* _Exercise input_:
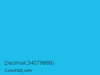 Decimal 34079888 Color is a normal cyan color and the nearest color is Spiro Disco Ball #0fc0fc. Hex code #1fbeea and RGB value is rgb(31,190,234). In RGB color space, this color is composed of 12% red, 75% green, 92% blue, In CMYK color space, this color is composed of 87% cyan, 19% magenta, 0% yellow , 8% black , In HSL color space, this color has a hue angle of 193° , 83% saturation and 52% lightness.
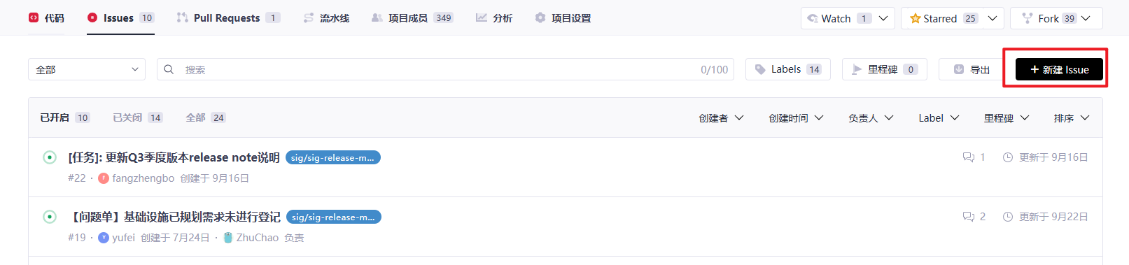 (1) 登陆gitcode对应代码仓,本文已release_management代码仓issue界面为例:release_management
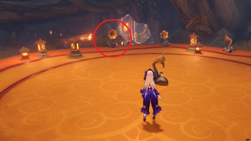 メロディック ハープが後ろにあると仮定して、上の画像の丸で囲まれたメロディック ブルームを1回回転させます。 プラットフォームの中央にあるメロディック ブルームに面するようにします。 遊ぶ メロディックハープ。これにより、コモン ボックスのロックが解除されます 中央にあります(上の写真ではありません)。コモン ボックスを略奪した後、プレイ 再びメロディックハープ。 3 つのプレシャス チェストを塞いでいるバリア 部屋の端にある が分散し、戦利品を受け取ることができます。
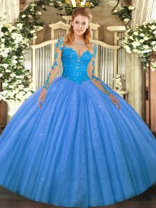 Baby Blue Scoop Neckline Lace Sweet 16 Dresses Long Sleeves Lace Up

* * *

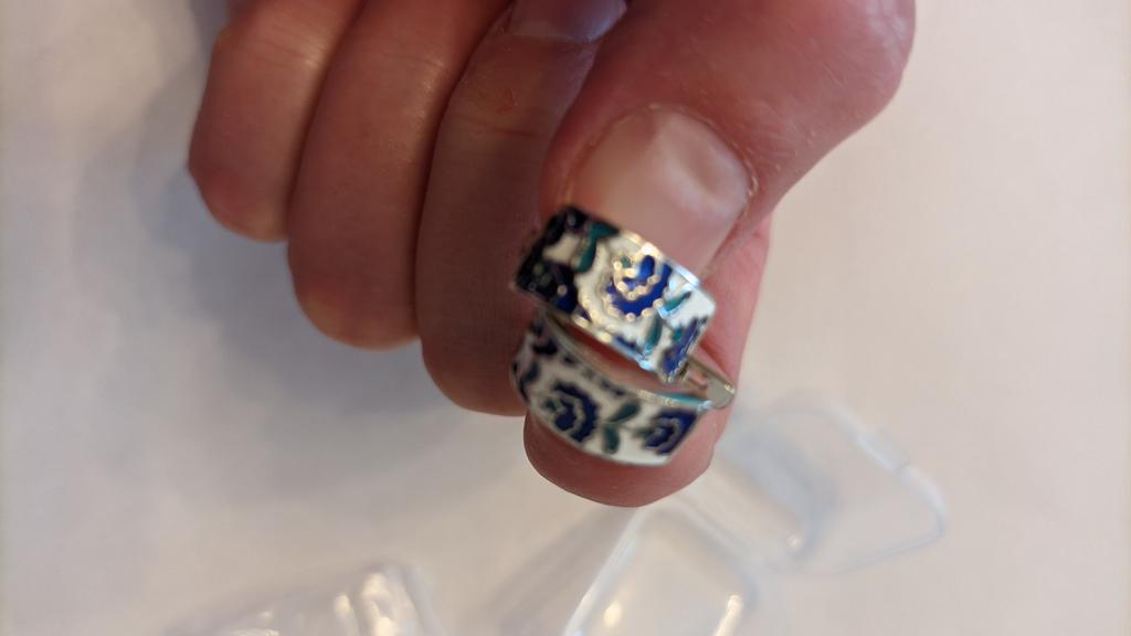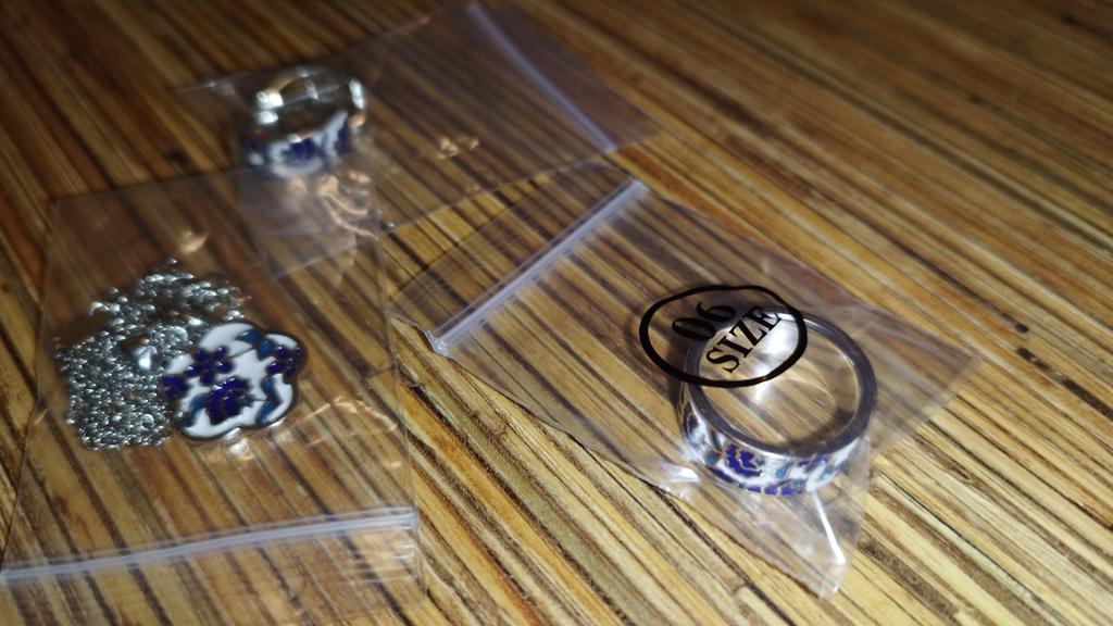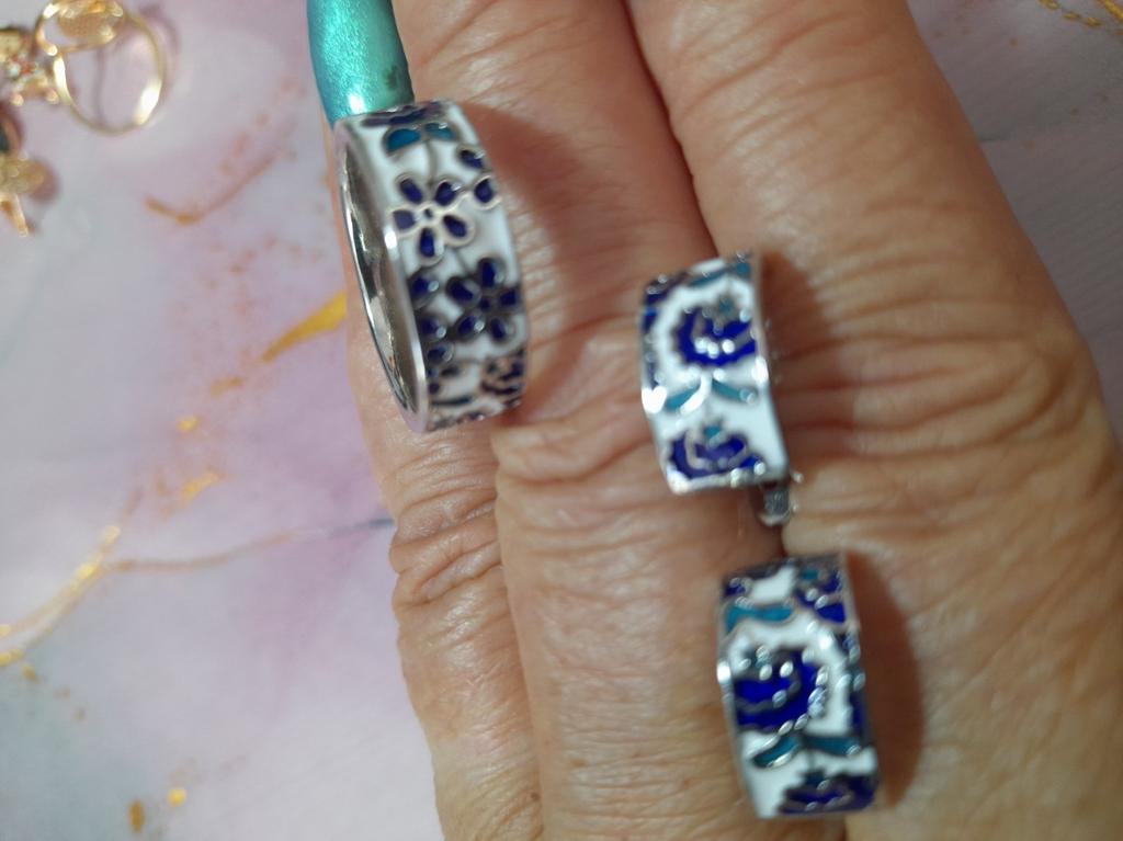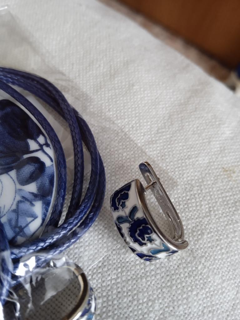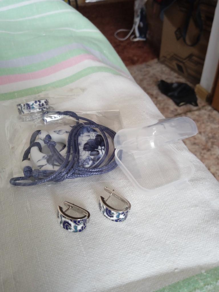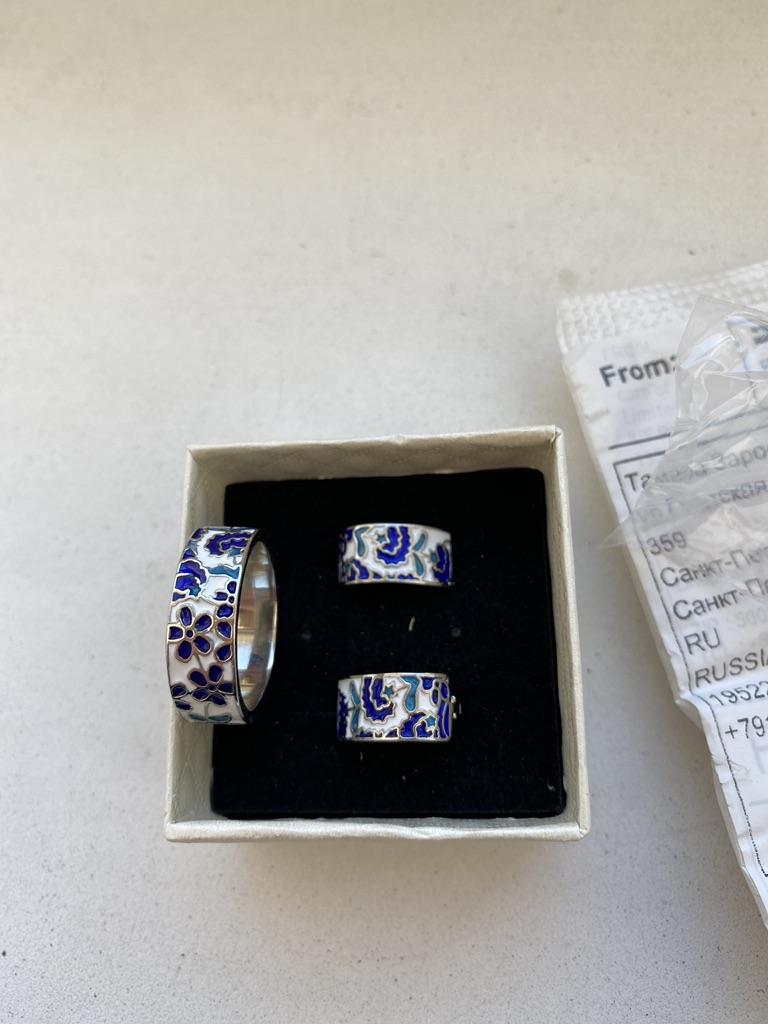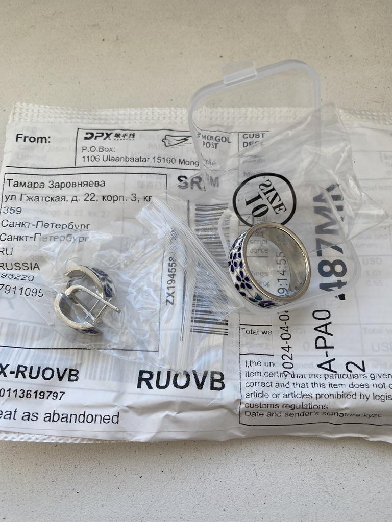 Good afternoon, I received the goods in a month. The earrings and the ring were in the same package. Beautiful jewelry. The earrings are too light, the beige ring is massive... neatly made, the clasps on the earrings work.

* _Work order_: Among the entries above, take the lines from the one with "(1) 登陆gitcode对" through the one with "Baby Blue Scoop" and retype them exactly, leaving out the pictures.

* _Expected answer_:
 (1) 登陆gitcode对应代码仓,本文已release_management代码仓issue界面为例:release_management
 メロディック ハープが後ろにあると仮定して、上の画像の丸で囲まれたメロディック ブルームを1回回転させます。 プラットフォームの中央にあるメロディック ブルームに面するようにします。 遊ぶ メロディックハープ。これにより、コモン ボックスのロックが解除されます 中央にあります(上の写真ではありません)。コモン ボックスを略奪した後、プレイ 再びメロディックハープ。 3 つのプレシャス チェストを塞いでいるバリア 部屋の端にある が分散し、戦利品を受け取ることができます。
 Baby Blue Scoop Neckline Lace Sweet 16 Dresses Long Sleeves Lace Up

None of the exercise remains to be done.